The PCU (Propeller Control Unit) is the component that controls the R391 Dowty propeller blade angle by directing engine oil flow through the beta tube to the cylinder and piston. It regulates the pitch of the propeller blades, allowing for efficient operation and control of the aircraft's speed and thrust. The other options mentioned (GBE valve, PUAD, GMAD) do not have the specific function of controlling the propeller blade angle.

FADEC stands for Full Authority Digital Engine Control. It is a system used in aircraft to control the engine's performance. In the case of the R391 Dowty propeller, the FADEC system is responsible for directing the PCU (Propeller Control Unit) to meter fine and coarse pitch oil to maintain the desired RPM (1020.7). The FADEC system continuously monitors and adjusts various parameters, such as fuel flow, propeller pitch, and engine speed, to optimize the engine's performance during flight operations.

Mechanical governing provides the foundation for normal and synchrophasing propeller governing modes. Normal governing mode is used to control the propeller pitch to maintain a constant RPM, while synchrophasing mode is used to synchronize the propeller speeds on multi-engine aircraft. The other options, beta range and alpha range, are not directly related to mechanical governing.

When the control winding voltage is different from the reference-winding voltage on the 54H60-91 propeller speed bias motor, the speed bias motor rotates and increases or decreases the blade angle.

The correct answer is PCU. PCU stands for Propeller Control Unit, which is responsible for controlling the pitch of the propeller blades. The feather valve, in this case, is located inside the PCU. The feather valve is an important component that allows the pilot to feather the propeller, which means to rotate the blades parallel to the airflow to reduce drag in case of an engine failure or shutdown.

The correct answer is PCU. The PCU, or Propeller Control Unit, is the component that provides blade angle feedback to the FADEC (Full Authority Digital Engine Control) by two RVDTs (Rotary Variable Differential Transformers). The RVDTs measure the position of the propeller blades and provide this information to the FADEC, which then adjusts the propeller pitch accordingly. This allows for precise control of the propeller and optimal engine performance.

The R391 Dowty propeller uses the RVDTS (Rotary Variable Differential Transformer System) to relay propeller blade angle information to the FADEC (Full Authority Digital Engine Control) units. The RVDTS is a sensor system that measures the position of the propeller blades and provides this data to the FADEC units, allowing them to adjust the propeller pitch as needed for optimal engine performance.

During an underspeed condition on the 54H60-91 propeller, the speeder spring moves the pilot valve. The purpose of the speeder spring is to maintain a constant propeller speed by adjusting the pitch of the propeller blades. When the propeller speed decreases below the desired level, the speeder spring activates and moves the pilot valve to increase hydraulic pressure, adjusting the pitch and increasing the propeller speed back to the desired level.

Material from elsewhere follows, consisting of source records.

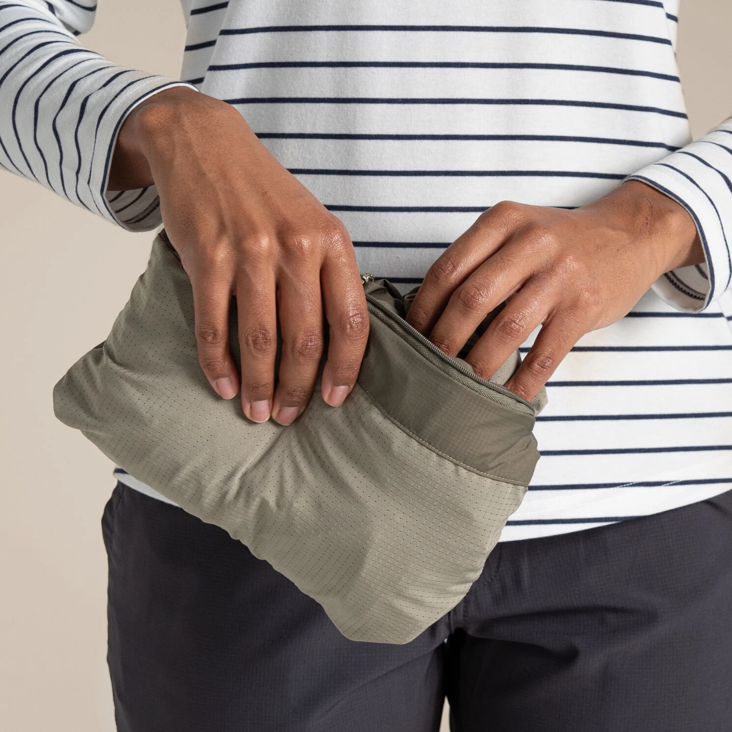 La Craghoppers NosiLife Rosa Reversible Jacket è una giacca da donna ultraleggera progettata per viaggiare in ambienti caldi e umidi. È reversibile e offre due lati funzionali in uno: uno strato protettivo a triplo ripstop contro vento, pioggia e macchie d'acqua e una rete interna con tecnologia NosiLife, che respinge gli insetti e neutralizza gli odori.
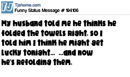 X says My husband told me he thinks he folded the towels right, so I told him I think he might get lucky tonight... ...and now he's refolding them.
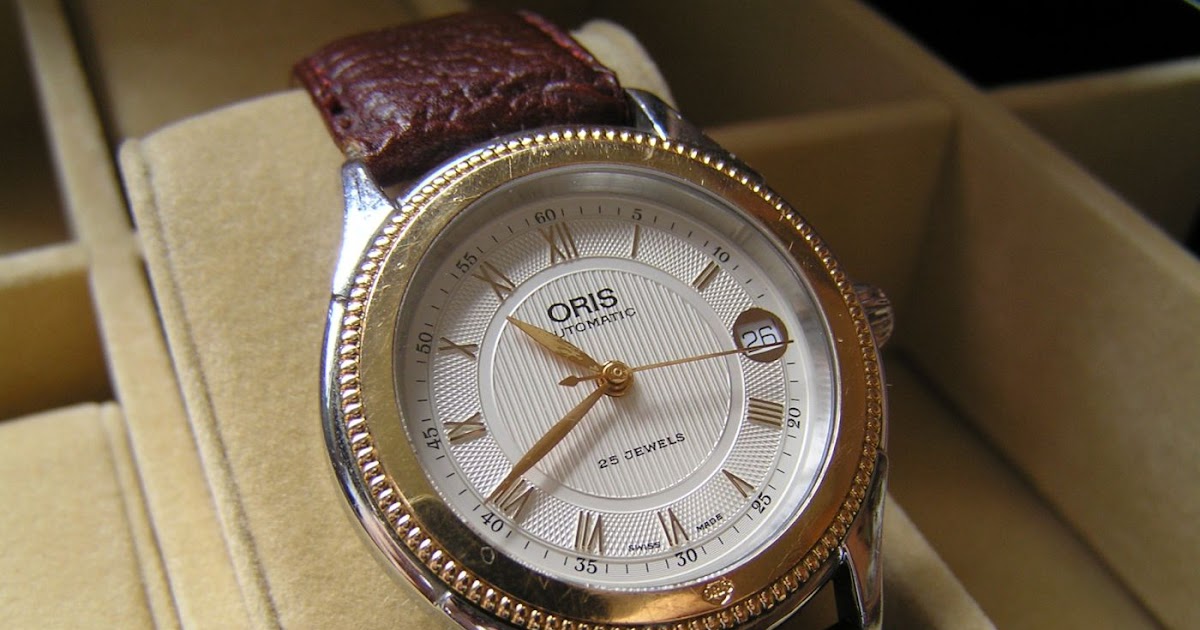 Het is zeker een Oris uit de jaren '90. Met denkelijk een ETA 2824 uurwerk erin. Uiteraard een automaat. Dat is wat ik kon zien. Op internet staat verder dat de bezel van massief goud zou zijn, dus niet verguld. Dat verhoogt de waarde uiteraard. Ik heb hem in mijn Oris boeken niet terug kunnen vinden. Dat zegt op zich niet veel. Sowieso een zeer mooi en goed horloge dus!
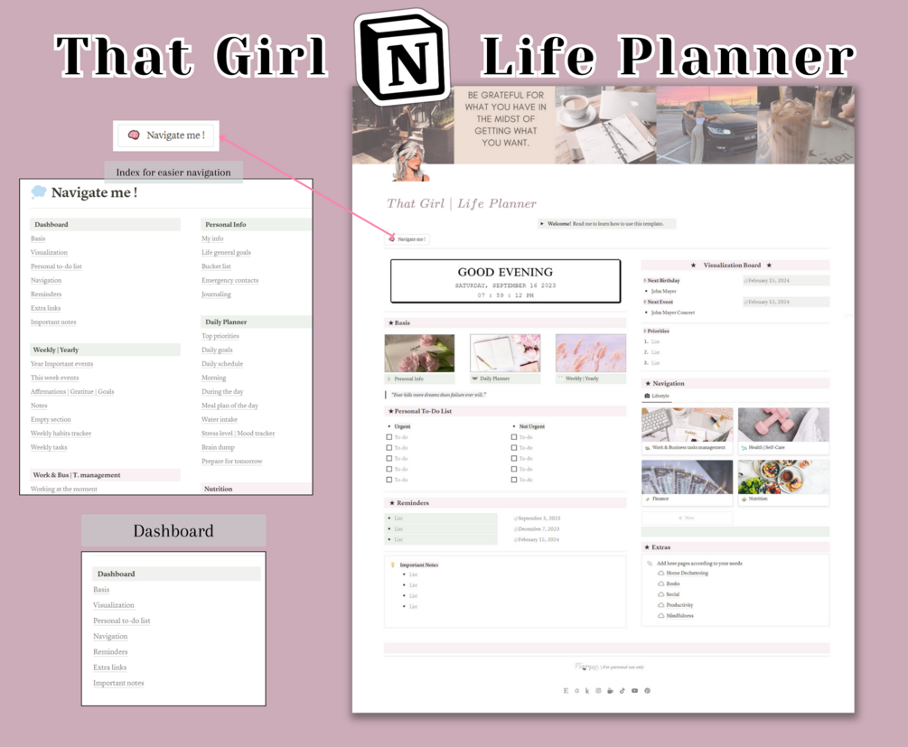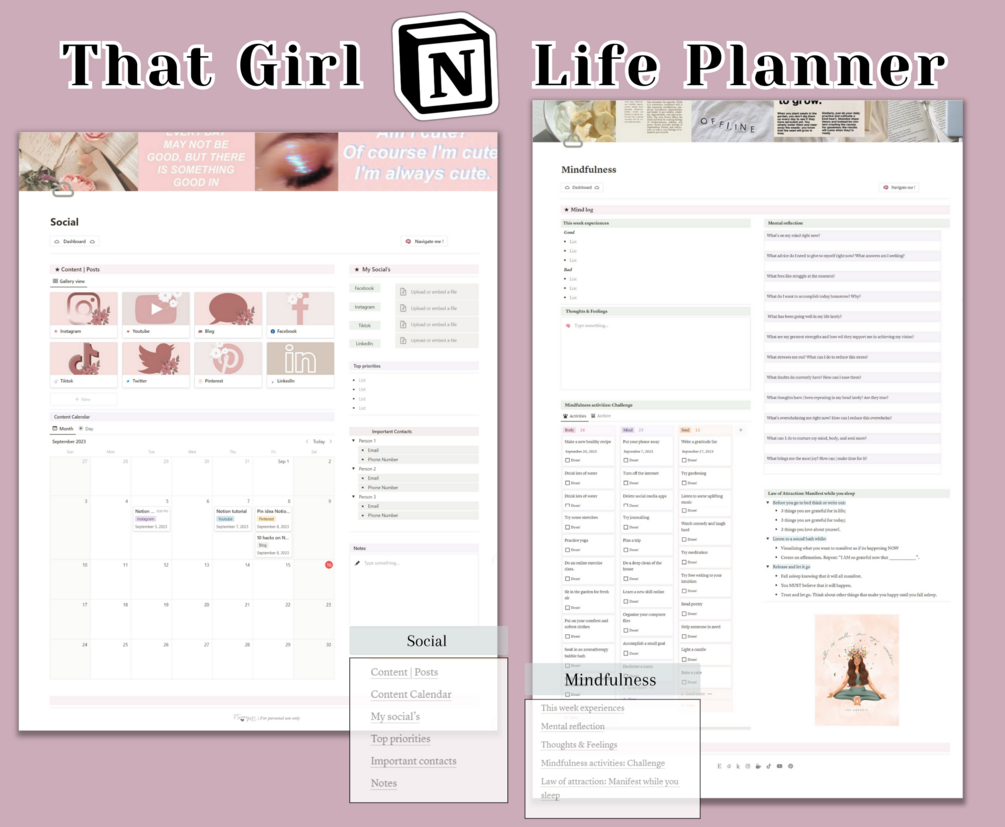 The template is available for purchase as a digital download, making it easy to import into a user's Notion account and start using right away. Why Choose the "That Girl - Life Planner" Notion Template?This Notion template is not just another organization tool; it's a lifestyle upgrade. It's perfect for students, professionals, entrepreneurs, and anyone striving to lead a more intentional life.

The throttle anticipation circuit is responsible for stabilizing the propeller governor during rapid throttle movements. This circuit anticipates the throttle movements and adjusts the propeller pitch accordingly to maintain a stable speed. It helps to prevent overspeed or underspeed conditions by quickly responding to throttle changes and making the necessary adjustments. The tachometer generator, feedback potentiometer, and speed stabilization circuit may play a role in the propeller governor's operation, but they are not specifically designed to stabilize the governor during rapid throttle movements.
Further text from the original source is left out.